Dusty Springfield's Dusty in Memphis by Warren Zanes

I've just finished reading this book, about one of Elvis`favourite albums. Nothing sensationally new in it but an interesting ,thoughtful effort all the same. Zanes has an interesting and amusing way of encapsulating things. Writing about Son Of A Preacher Man he writes -(P.7)

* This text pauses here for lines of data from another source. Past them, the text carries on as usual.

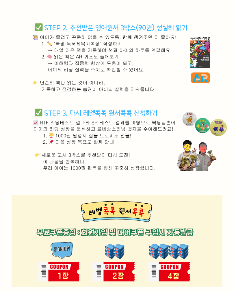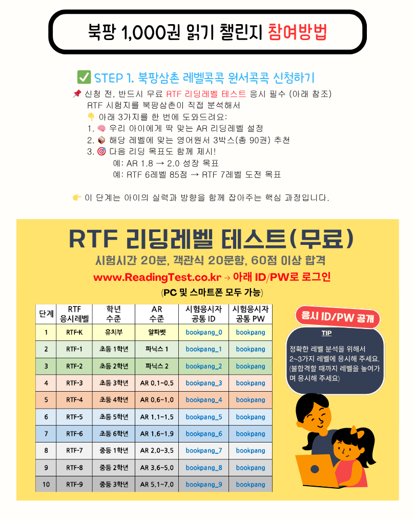 구매하기 RTF 응시유무 옵션 선택 2회 이상 레벨테스트 실시했습니다. (미응시 주문 자동취소됨) RTF 응시자 이름 RTF 응시자 핸드폰 학생 성별 옵션 선택 여자 남자 학년 옵션 선택 4세 유치부5세 유치부6세 유치부7세 초1 초2 초3 초4 초5 초6 중1 중2 중3 북팡 AR ID(선택) 하고 싶은 말씀(선택) 총 상품 금액 0 원 장바구니 구매하기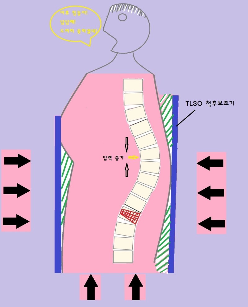 그런데 척추보조기는 사실 너무 불편하기도 하고 가슴도 답답하고 숨쉬기도 어렵다고 합니다.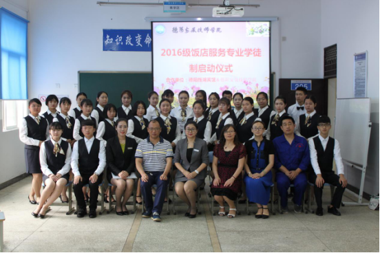 德阳安装技师365bet即时比分_365提供参考号BAVF_beat365体育亚洲与德阳旌湖国际酒店联袂携手,合力启动饭店服务专业新型学徒制教学实践探索。旌湖国际酒店人事质检培训部经理何慧清女士、365bet即时比分_365提供参考号BAVF_beat365体育亚洲教务处相关负责人出席启动仪式。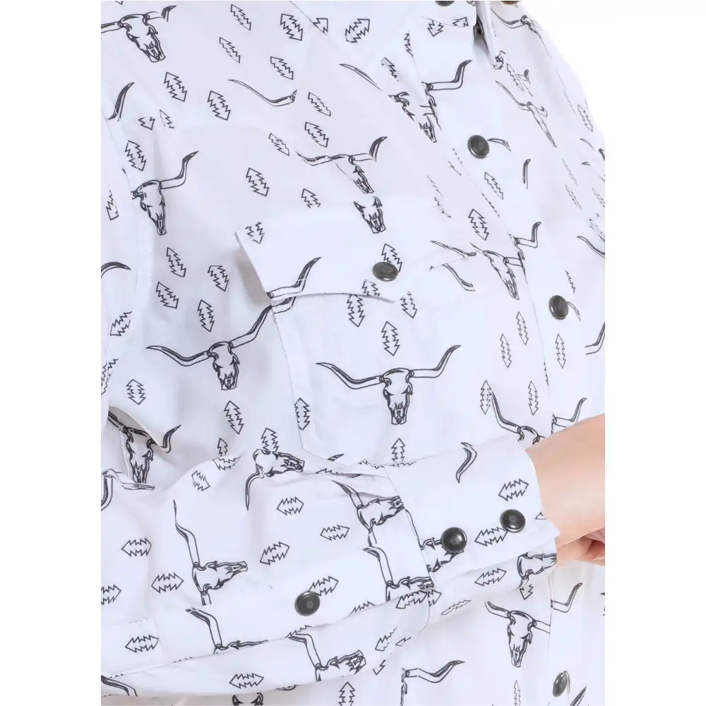 Women’s Western Shirt – Skull Printed White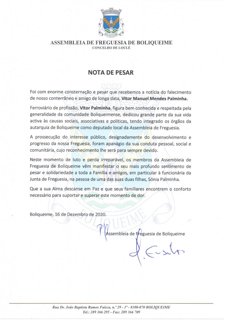 Nota de Pesar da Assembleia de Freguesia - Falecimento da...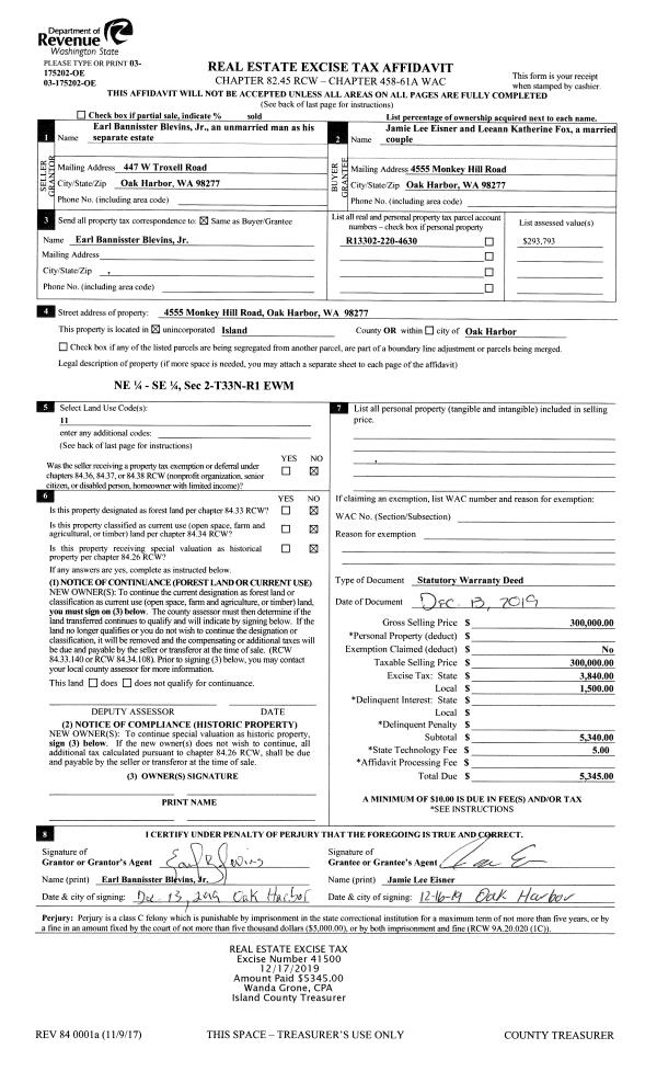 | Mailing Address: | 14888 SR 525 LANGLEY, WA 98260 | % Ownership: | 100.0000000000% |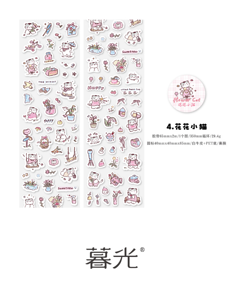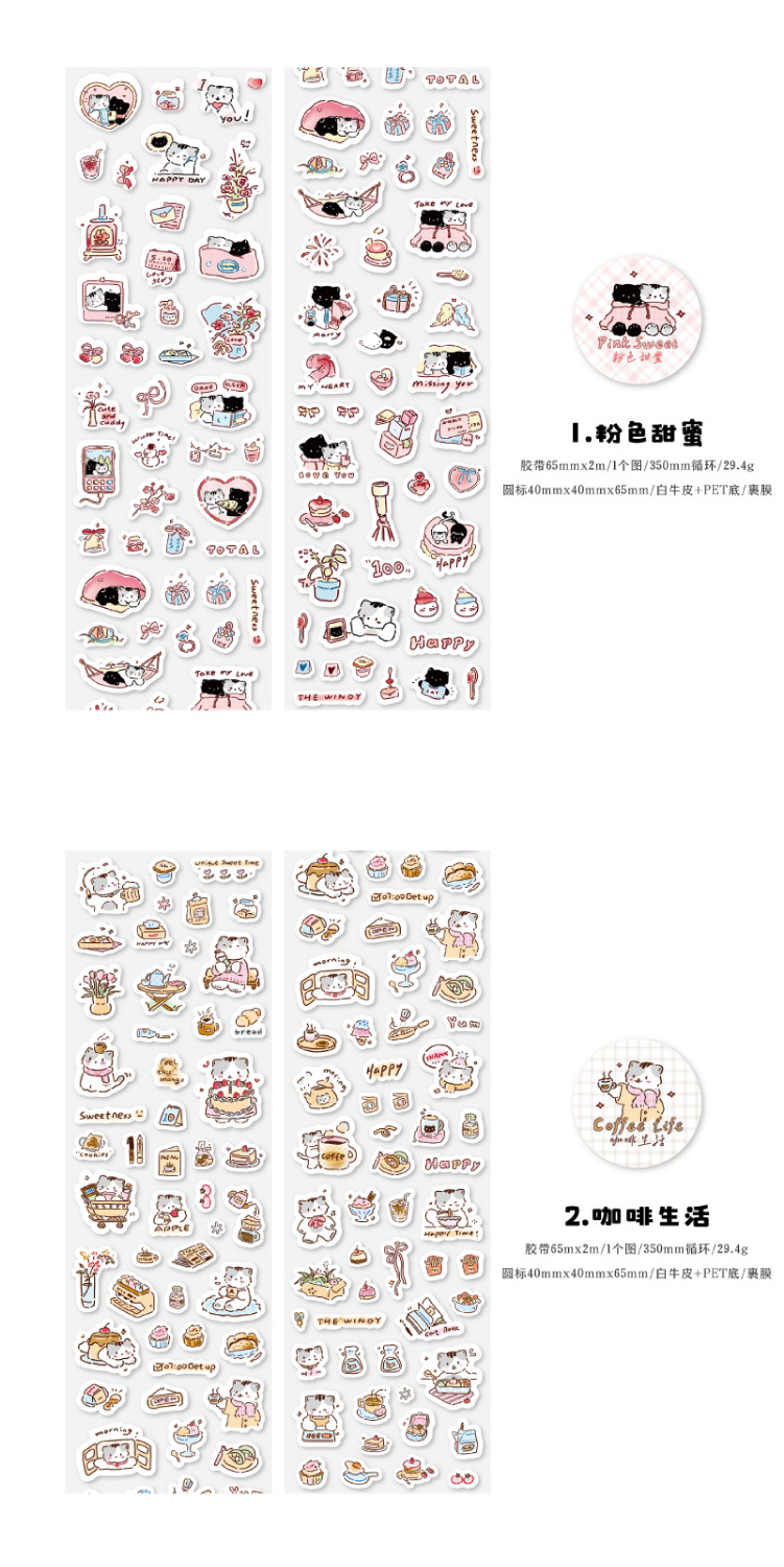 새끼 고양이 인생 일기 구 카드 다이 컷 테이프 손으로 그린 귀여운 고양이 커피 생활 스티커 손 계정 철자 스티커

The story it told was suggestive , subversive , and cunningly so. I`d looked down enough blouses in church to know just how the sacred and the profane can meet at prayer time. Elsewhere he neatly sums up the bag of emotional strife that Dusty was with the following (P22) -

If Dusty had always stuck close to the general territory of the teenage unrequited love saga , which , it seems , always had an audience , with the Memphis record she slipped out the back door and went wandering in the night of it all. While he does bang on a bit about the myths of `The South` - and gives Alan Lomax a very hard time - this short book has given me a whole new perspective on this album. Incidentally , he has also read Elvis` sleeve note to the 2002 re-issue - he quotes the `simply one of the most knowingly adult records ever made ` line on p.9.

Excerpt:
The love that is the subject of Dusty in Memphis is different from the love of her earlier songs: it is a love that is all at once diffuse, dark, unpredictable, ecstatic, and a terrible deal. It is a love too big for the lyrical (and for that matter musical) framework of Dusty’s earlier pop productions, no matter the breadth of that work. Like Memphis itself, the love that is the subject of Dusty in Memphis is indeed bursting with the contrary: it happens not simply when you yearn for it, as in some adolescent dream, but when you’re not prepared for it; it reveals itself not simply under the star-filled skies where a moon hangs low--in fact, as the first and last tracks on side one attest, it might be at its best when the sun’s just arriving at work.